Early on the morning of December 9, 2008, I flew from Boston to New York City to be present at the U.S. Court of Appeals Second Circuit’s rehearing of Arar v. Ashcroft. The trial was scheduled for 2:00 p.m., but anticipating the courtroom would be packed, I felt it would be prudent to arrive by 8:30 a.m.
Six months earlier a Second Circuit panel of three judges had declined to hear Maher Arar’s claims on the grounds – put forward by Mr.Ashcroft’s defense – that doing so would jeopardize national security. Then suddenly, out of the blue, this very same court – but this time the full panel of 12 judges – had decided en banc and sua sponte (collectively and on its own) to reconsider the case.
The very rarity of such a turn-about had filled me with hope. Would the court now address the terrifying moral gravity of what Maher Arar had suffered? Would the legal recognition of his injuries in turn provide the pivot that would allow the rule of law, so long absent in the United States, to orbit back into place?
Throughout that winter morning the courtroom was nearly empty but by 2:00 p.m. there was breathing room only. All twelve judges were present, eleven in person and the twelfth (Sonia Sotomayor, who was not yet part of the Supreme Court), on a large Skype screen off to the side. The benches for the assembled audience were packed, all of us sitting shoulder to shoulder. Mr. Arar, no doubt reluctant ever again to set foot on U.S. soil, was not himself present.
When Mr. Arar’s lawyer entered the room, I felt surprise, elation, and sorrow. Surprise because (though I had read in advance the briefs from both sides) it had not crossed my mind that the lawyer would be someone known to me; but here was David Cole, the person who seven years earlier sounded the first alarm about a remote place called Guantanamo. Elation, because I knew he would answer the judges’ rapid-fire cross-questioning with clarity, brilliance, and courage. Sorrow because it meant that here today – as on so many days throughout the post 9/11 period – I was witnessing how much the collective fight against injustice depended on the action of a single person willing to stand up again and again and again.
During the course of the afternoon, Mr. Cole’s three legal claims – that Mr. Ashcroft and his co-defendants had contributed to acts of torture, conspiracy to torture, and obstruction of access to the courts – were not even denied by the defense lawyers. How could they be, given the stark record of events that had taken place?
When, nearly a year later, the Second Circuit announced its decision to decline to hear the case because of “state secrets,” it was clear that the Arar case would not be the pivotal recovery from the country’s descent into morally repugnant acts. When the Supreme Court the following June declined to hear the appeal, all chance of remedy seemed gone.
But Amnesty International’s present petition campaign means the subject will not go away, that the country will not be silenced. It means that one-by-one each of us has to step forward and carry out reparative acts that our judicial branch ought to have carried out on the population’s behalf. It is magnanimous on Mr. Arar’s part to agree to let us perform this act, however fragile and minimal it may at this moment appear.

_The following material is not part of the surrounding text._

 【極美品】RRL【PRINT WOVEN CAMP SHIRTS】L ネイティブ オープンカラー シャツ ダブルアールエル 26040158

We have to carry out this act of direct apology and dissent, whether or not the executive branch ever openly acknowledges the egregious acts of wrongdoing, Congress renews its request to the Attorney General for a special inquiry, or the judiciary awakens to its obligations to acknowledge and redress what has taken place.

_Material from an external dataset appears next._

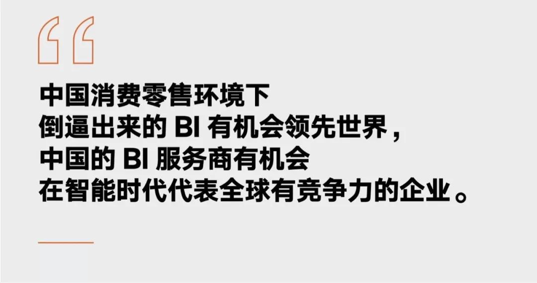 CEO,与业内人士深入交流使他更加坚信,中国消费零售环境下倒逼出来的BI有机会领先世界,中国的BI服务商有机会在智能时代代表全球有竞争力的企业,一如德国公司SAP在它的制造业时代。
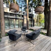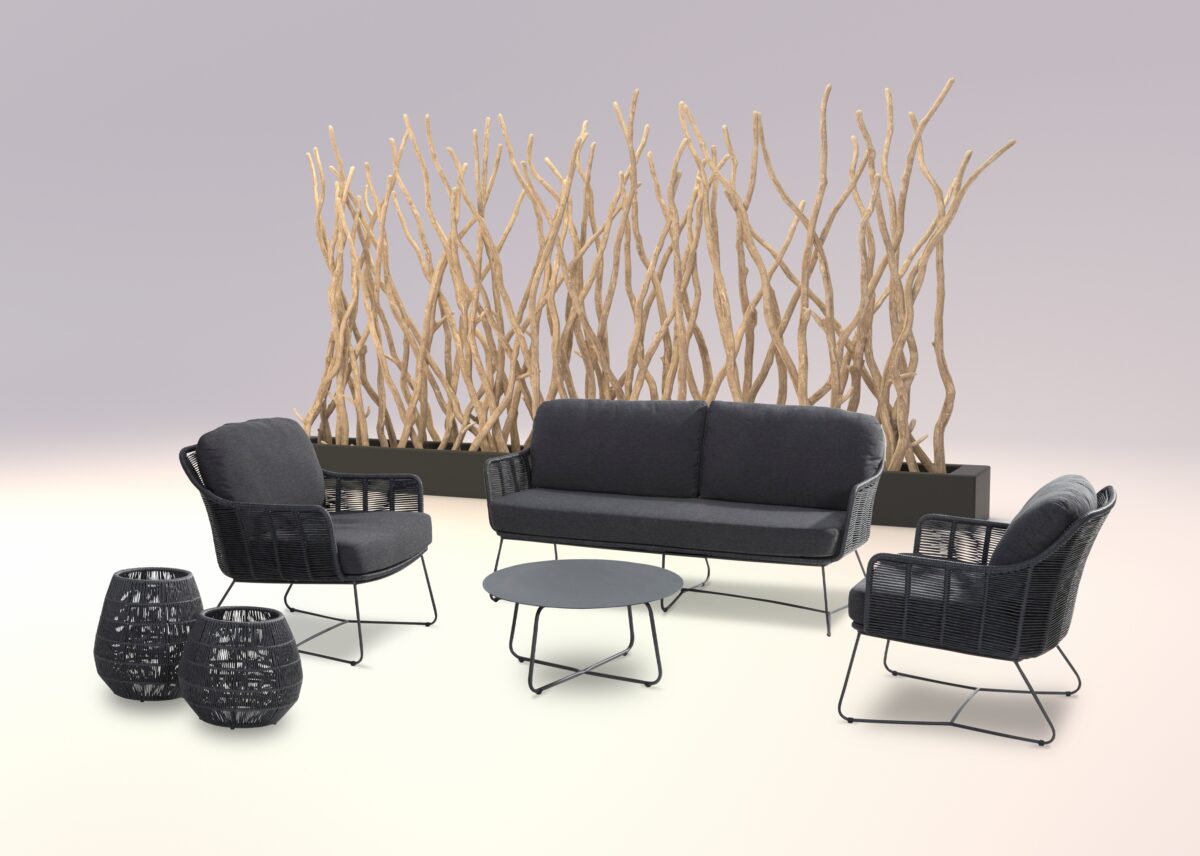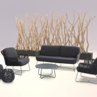 Каркас кофейного комплекта изготовлен из нержавеющей стали. Это устойчивый к атмосферным воздействиям материал, который подходит для использования на открытом воздухе и выдерживает большие нагрузки. Вы можете найти этот прочный материал во многих наших коллекциях уличной мебели.

Is that awaking even possible? When the Second Circuit declined (for a second time) to hear the case, four judges dissented in language that will echo for a long time. Their opinions should be read on any day when one loses heart.
Judge Barrington Daniel Parker Jr. re-stated the three central claims of torture, conspiracy to torture, and obstruction of access to the courts. He recited the Convention Against Torture: “No exceptional circumstances whatsoever, whether a state of war or a threat of war. . . or any other public emergency, may be invoked as a justification of torture.” He described the Court’s majority decision as a blow to the judicial branch since it was not simply “deferential” to, but lying “supine” at the feet of, the Executive branch.
Judge Guido Calabresi described Maher Arar as a person who “was totally innocent and made to suffer excruciatingly” from acts that are “repugnant” but acts that the court, by refusing to hear the case, wrongly indicated were “not constitutionally repugnant.” When the history of the Court is written, he predicted, “today’s majority decision will be viewed with dismay.” What had been asked of the Court was self-evident: “And more obvious still is that a civilized polity, when it errs, admits it and seeks to give redress.”
The words of Judge Parker and Judge Calabresi stay in my mind, but the sentences I repeat to myself each day are Amnesty International’s: “How many people does it take to stop torture? One. You.”
We need to respond to Amnesty’s call. We need now to come forward one by one and stand together, shoulder to shoulder.